Monday, April 02, 2018

 

Abodes of Demons

William Reeves, "On the Céli-dé, Commonly Called Culdees," Transactions of the Royal Irish Academy 24 (1873) 119-263 (at 209, from his translation of the Prose Rule of the Céli-dé on pp. 202-215):
Now the privy-houses and the urine-houses they are the abodes of demons. Let these houses be blessed by any one going thither, and let him bless himself when he enters them, and it is not lawful to say any prayers in them, except "Deus in adjutorium" to "festina."
The same, tr. Edward Gwynn, The Rule of Tallaght (Dublin: Hodges, Figgis & Co., 1927), p. 75:
Privies and urinals are abodes for evil spirits.
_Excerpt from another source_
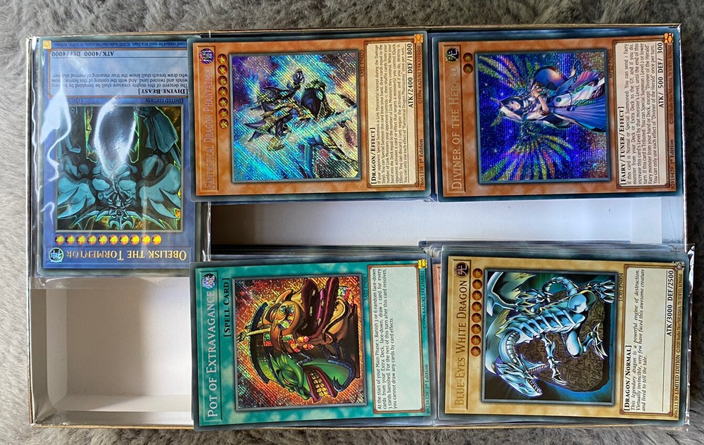 Yugioh! 500 Cards Bundle/Job Lot + 1 Egyptian God Card & 1 Iconic Card. You will receive the following: - 1 Egyptian God - 1 Iconic Card (Dark Magician, Blue-Eyes & Red-Eyes) - 50 Holos - 50 Rares - 400 Commons Message me to request a specific Egyptian God or Iconic card from the selection shown in the 3rd photo. The listing ‘item specifics’ refer to the guaranteed Egyptian God and Iconic card, shown in the photos. The cards are almost all in mint/NM with potentially the exception of some being in excellent/LP condition. The cards shown in the pictures are only an example representation of what you will receive and may not be those exact cards. The cards you will receive are in the format mentioned at the top of the description and will be random, although specific Egyptian God and Iconic cards may be requested for the first few buyers. Please message me if you have any questions regarding the product, or for negotiations.
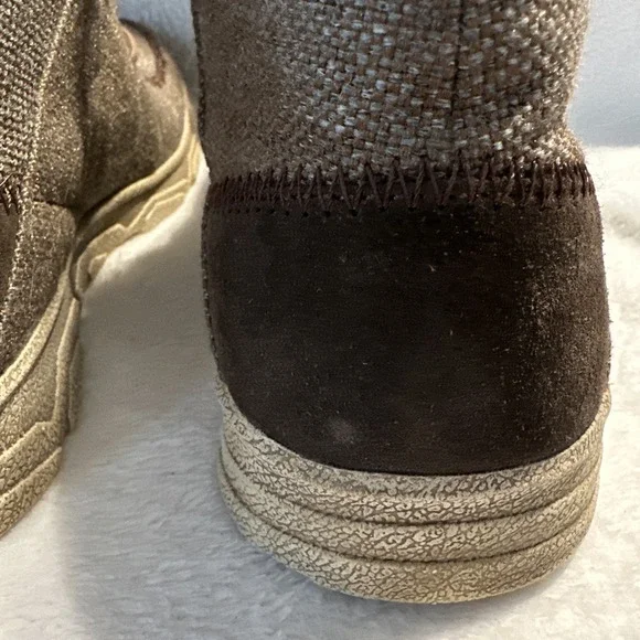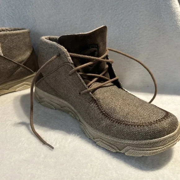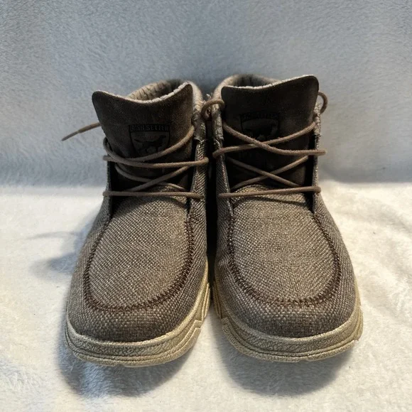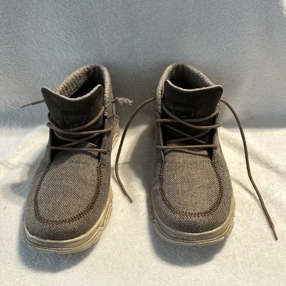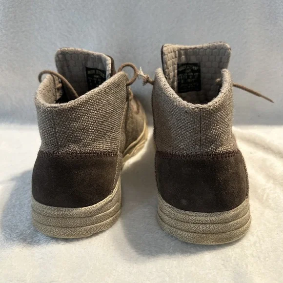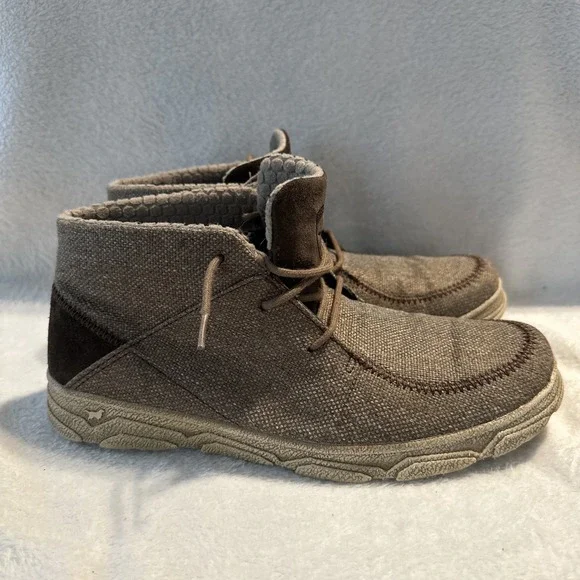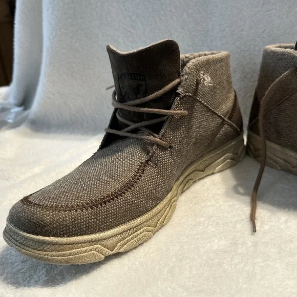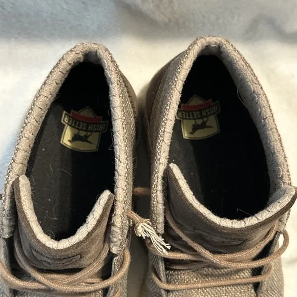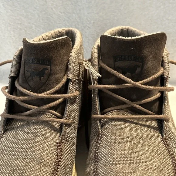 The Irish Setter Red Wing Hunt Traveler Chukka Ankle Boots in Men´s Size 9 are brown boots designed for travel, activewear, and casual occasions. Featuring a round toe and lace-up closure, these boots have a rubber outsole for performance and comfort. The design includes the Irish Setter logo accents and a solid pattern suitable for outdoor activities like hunting, camping, or everyday wear. Made with canvas upper material and foam insole, these boots are durable and stylish for various adventures.These shoes are in overall good condition. The laces will need to be replaced and there´s a tiny scuff mark on one of the shoes. Please see all photos for details.

The sign of the Cross should be made over these places, and a man should cross himself when he enters them, and it is not lawful to pray in them, except to repeat Deus in adjutorium, down to festina.
Therefore, if you are to "pray without ceasing" (1 Thessalonians 5.17), you must recite Psalm 69(70).2 (Deus in adiutorium meum intende, Domine ad adiuvandum me festina) on those occasions when you are obeying the call of nature.

I owe the reference to Martha Bayless, Sin and Filth in Medieval Culture: The Devil in the Latrine (New York: Routledge, 2012), pp. 2-3, with note 10 on p. 183.